Ese es uno de los retos que debemos transmitir a nuestros residentes. El especialista del futuro tendrá que conocer y utilizar nuevas tecnologías, pero también deberá saber cuándo no utilizarlas. Tendrá que interpretar evidencia científica sin perder el juicio clínico y comprender que ninguna innovación reemplaza una historia clínica cuidadosa, un examen físico riguroso y una conversación honesta con el paciente sobre sus objetivos.

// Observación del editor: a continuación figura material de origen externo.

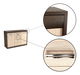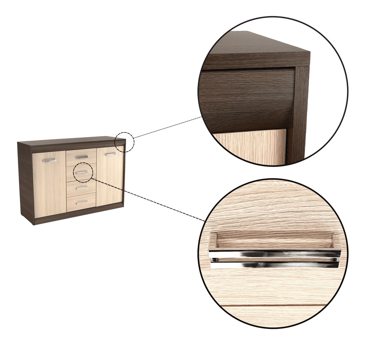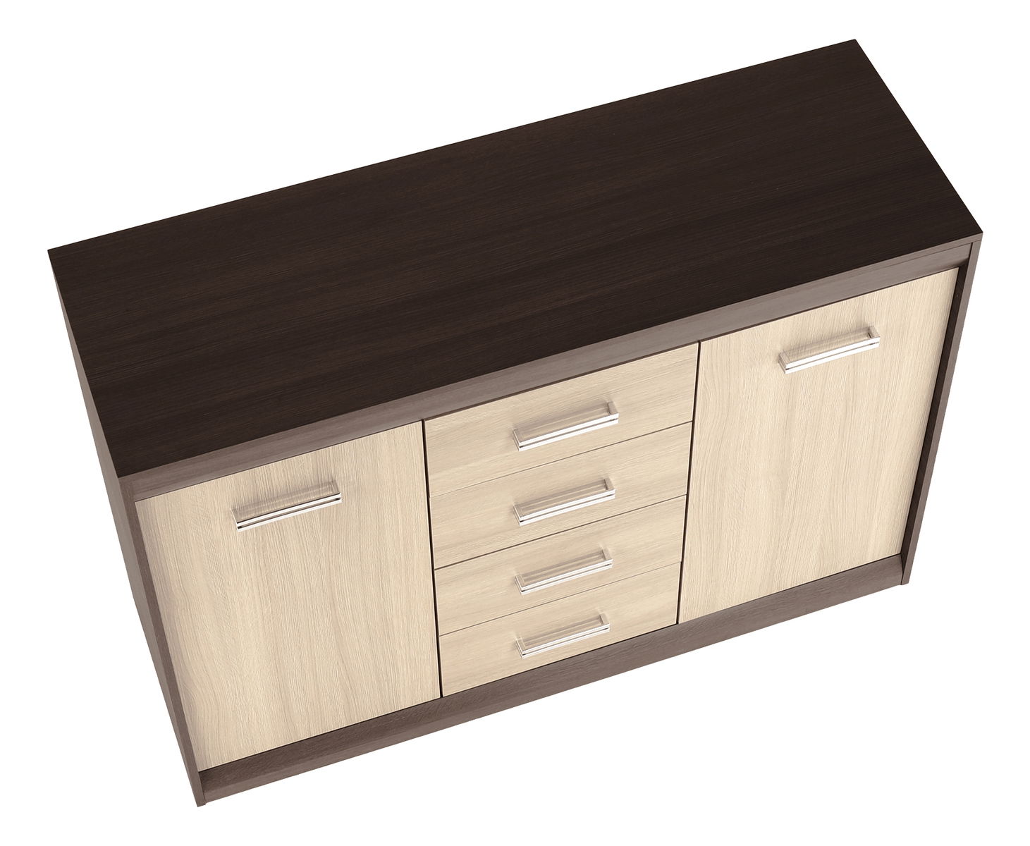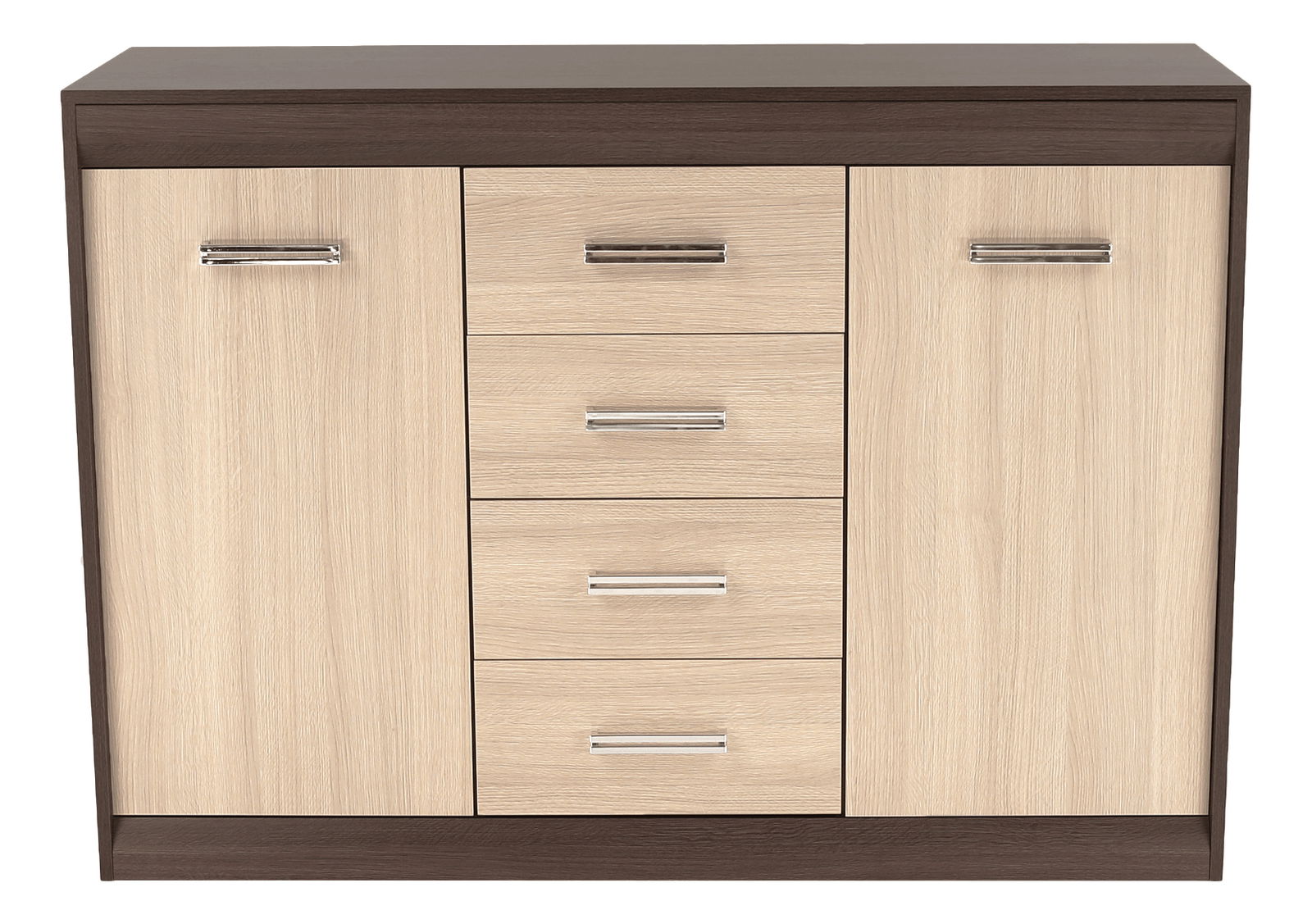 Komoda k obývacej stene Korina, ktorá Vám poskytne množstvo úložného priestoru pre oblečenie alebo rôzne doplnky. Komoda má dvoje dvierka a štyri zásuvky uprostred. Dvierka a zásuvky majú strieborné úchyty.

Formar fisiatras para los próximos treinta años
Un Congreso de Residentes tiene un significado particular porque coloca la formación en el centro de la discusión. Quienes hoy están aprendiendo la especialidad ejercerán en un escenario distinto al que conocimos sus profesores. Encontrarán pacientes más informados, nuevas tecnologías, inteligencia artificial, terapias cada vez más personalizadas y una creciente necesidad de demostrar resultados funcionales y valor en salud.
Nuestra responsabilidad como docentes no consiste solamente en transmitir técnicas. Debemos formar especialistas capaces de hacer preguntas, cuestionar prácticas que no aportan valor, trabajar con otras disciplinas y generar investigación desde los problemas reales de nuestros pacientes. También debemos defender un principio que sigue siendo vigente a pesar de todos los avances: rehabilitar no es simplemente recuperar una estructura; es favorecer funcionamiento, autonomía y participación.
El futuro de la rehabilitación se construye hoy
Celebrar treinta años del Congreso de Residentes es una oportunidad para mirar hacia atrás con gratitud, pero principalmente para preguntarnos qué especialidad queremos construir hacia adelante. La Medicina Física y Rehabilitación ha ampliado sus fronteras y hoy tiene la posibilidad de participar de manera mucho más temprana y decisiva en las rutas de atención.
El desafío para los próximos años será consolidar ese papel sin perder nuestra esencia. Podemos incorporar robótica, intervencionismo, neurofisiología, ecografía y nuevas formas de analizar el sistema nervioso, pero el objetivo seguirá siendo el mismo: lograr que una persona funcione mejor en su vida real. Después de treinta años de Congreso de Residentes, quizá esa sea la mejor manera de definir nuestra evolución: hemos incorporado nuevas herramientas, pero seguimos poniendo la función y a la persona en el centro.
Las opiniones expresadas en esta columna pertenecen exclusivamente a su autor y no comprometen la línea editorial de CONSULTORSALUD.